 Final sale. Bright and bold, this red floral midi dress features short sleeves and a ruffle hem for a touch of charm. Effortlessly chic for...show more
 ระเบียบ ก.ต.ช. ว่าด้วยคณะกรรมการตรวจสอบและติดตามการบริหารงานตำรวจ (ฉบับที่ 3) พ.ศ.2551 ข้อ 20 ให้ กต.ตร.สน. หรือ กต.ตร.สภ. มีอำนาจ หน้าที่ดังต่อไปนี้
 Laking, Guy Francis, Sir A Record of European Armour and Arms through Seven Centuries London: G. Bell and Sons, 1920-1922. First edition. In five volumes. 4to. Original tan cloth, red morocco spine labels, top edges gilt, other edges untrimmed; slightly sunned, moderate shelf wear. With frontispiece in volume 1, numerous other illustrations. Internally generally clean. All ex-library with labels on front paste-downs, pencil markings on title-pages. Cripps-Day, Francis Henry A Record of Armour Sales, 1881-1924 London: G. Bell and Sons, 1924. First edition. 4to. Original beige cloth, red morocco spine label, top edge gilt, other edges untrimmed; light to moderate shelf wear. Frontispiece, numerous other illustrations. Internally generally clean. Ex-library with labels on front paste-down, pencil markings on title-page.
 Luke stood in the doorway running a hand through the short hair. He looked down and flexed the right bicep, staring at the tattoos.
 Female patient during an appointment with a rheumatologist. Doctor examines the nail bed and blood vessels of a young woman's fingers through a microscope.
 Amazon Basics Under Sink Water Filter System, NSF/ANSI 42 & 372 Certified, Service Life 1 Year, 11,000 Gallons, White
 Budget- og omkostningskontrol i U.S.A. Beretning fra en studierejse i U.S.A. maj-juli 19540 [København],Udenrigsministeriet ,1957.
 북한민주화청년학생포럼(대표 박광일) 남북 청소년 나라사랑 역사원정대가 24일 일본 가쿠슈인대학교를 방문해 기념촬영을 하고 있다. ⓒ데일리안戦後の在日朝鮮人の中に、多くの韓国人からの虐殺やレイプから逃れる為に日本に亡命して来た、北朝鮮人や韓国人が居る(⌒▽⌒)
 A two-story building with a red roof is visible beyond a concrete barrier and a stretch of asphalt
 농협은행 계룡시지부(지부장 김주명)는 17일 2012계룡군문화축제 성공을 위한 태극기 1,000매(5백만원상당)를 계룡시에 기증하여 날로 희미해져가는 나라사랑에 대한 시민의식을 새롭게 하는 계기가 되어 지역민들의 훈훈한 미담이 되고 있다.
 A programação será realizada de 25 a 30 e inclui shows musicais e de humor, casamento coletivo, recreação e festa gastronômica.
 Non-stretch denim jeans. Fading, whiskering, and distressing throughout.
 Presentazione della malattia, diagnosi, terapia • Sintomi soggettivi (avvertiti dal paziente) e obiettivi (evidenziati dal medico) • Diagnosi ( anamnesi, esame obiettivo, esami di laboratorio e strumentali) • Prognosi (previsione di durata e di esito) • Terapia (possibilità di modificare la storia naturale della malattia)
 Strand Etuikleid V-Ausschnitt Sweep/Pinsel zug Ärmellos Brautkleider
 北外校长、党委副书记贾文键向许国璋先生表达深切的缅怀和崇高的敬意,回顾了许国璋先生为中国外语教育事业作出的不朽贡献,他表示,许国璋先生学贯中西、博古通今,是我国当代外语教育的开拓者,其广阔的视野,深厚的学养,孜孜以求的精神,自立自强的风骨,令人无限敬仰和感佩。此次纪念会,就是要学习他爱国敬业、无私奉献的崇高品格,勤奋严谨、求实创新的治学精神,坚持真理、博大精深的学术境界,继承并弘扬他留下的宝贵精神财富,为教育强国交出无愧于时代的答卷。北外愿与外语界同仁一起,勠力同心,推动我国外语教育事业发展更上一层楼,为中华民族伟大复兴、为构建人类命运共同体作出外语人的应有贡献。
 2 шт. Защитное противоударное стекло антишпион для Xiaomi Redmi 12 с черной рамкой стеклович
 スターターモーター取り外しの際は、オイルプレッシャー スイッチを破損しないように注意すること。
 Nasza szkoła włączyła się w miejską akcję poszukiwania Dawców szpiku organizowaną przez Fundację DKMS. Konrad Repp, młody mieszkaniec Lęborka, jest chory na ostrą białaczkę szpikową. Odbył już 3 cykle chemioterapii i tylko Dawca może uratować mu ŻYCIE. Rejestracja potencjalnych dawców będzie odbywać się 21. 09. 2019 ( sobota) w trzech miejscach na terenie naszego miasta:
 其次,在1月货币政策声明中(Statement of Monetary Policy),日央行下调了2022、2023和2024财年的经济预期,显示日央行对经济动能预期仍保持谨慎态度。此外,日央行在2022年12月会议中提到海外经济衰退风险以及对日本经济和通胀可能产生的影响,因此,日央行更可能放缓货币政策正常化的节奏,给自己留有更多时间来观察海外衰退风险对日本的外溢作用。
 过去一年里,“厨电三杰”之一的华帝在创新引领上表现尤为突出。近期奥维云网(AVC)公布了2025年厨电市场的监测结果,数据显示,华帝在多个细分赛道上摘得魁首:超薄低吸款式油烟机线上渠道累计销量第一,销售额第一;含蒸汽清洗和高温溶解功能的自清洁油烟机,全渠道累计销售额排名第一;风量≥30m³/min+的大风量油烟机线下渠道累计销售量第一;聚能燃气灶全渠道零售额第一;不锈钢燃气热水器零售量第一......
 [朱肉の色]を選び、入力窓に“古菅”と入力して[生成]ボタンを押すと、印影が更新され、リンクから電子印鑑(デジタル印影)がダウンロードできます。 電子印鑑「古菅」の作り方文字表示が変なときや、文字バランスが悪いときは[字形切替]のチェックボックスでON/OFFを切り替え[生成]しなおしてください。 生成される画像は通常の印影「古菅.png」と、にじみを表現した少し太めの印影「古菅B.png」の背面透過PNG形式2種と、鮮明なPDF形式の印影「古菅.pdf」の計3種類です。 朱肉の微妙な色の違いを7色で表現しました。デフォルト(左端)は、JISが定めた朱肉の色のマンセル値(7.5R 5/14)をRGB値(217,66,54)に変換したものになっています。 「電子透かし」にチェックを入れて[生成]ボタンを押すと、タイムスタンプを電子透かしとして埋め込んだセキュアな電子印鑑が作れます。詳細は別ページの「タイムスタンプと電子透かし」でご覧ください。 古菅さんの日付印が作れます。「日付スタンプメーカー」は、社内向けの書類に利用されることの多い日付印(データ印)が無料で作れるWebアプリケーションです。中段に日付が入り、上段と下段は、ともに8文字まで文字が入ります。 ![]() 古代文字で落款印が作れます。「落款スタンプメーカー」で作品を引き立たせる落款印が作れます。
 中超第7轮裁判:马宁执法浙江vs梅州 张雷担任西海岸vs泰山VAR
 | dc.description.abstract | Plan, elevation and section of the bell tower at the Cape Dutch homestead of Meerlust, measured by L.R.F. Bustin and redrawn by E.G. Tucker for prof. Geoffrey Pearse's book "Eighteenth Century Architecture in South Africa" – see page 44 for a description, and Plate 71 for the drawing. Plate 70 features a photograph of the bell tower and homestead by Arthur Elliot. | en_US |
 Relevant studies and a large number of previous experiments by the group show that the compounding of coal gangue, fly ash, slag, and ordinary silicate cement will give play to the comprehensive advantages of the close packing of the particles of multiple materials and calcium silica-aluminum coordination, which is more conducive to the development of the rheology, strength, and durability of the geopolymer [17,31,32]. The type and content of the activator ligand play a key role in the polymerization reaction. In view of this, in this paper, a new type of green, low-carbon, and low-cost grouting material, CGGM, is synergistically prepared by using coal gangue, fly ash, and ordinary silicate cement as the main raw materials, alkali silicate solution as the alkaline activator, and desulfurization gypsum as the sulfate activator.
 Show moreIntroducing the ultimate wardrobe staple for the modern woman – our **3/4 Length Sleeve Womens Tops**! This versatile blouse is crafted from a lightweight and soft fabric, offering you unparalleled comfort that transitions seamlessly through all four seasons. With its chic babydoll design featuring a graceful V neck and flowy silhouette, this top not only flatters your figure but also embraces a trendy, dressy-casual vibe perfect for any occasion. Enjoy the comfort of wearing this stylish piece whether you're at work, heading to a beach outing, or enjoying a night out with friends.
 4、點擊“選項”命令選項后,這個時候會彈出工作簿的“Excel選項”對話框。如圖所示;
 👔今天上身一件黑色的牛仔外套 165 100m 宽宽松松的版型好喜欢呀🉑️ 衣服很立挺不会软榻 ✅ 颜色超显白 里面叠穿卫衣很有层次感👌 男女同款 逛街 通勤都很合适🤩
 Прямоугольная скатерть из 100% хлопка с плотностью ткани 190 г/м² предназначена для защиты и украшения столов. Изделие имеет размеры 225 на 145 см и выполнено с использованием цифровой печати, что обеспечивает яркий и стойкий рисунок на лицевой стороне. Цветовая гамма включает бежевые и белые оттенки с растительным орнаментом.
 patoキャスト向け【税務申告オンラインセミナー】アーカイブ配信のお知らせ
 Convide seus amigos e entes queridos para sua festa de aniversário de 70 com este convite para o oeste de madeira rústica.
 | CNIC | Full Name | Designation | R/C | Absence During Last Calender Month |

════════

## What to produce
Return every line of the records in which the word "festa" is found.

## Response area
 A programação será realizada de 25 a 30 e inclui shows musicais e de humor, casamento coletivo, recreação e festa gastronômica.
 Convide seus amigos e entes queridos para sua festa de aniversário de 70 com este convite para o oeste de madeira rústica.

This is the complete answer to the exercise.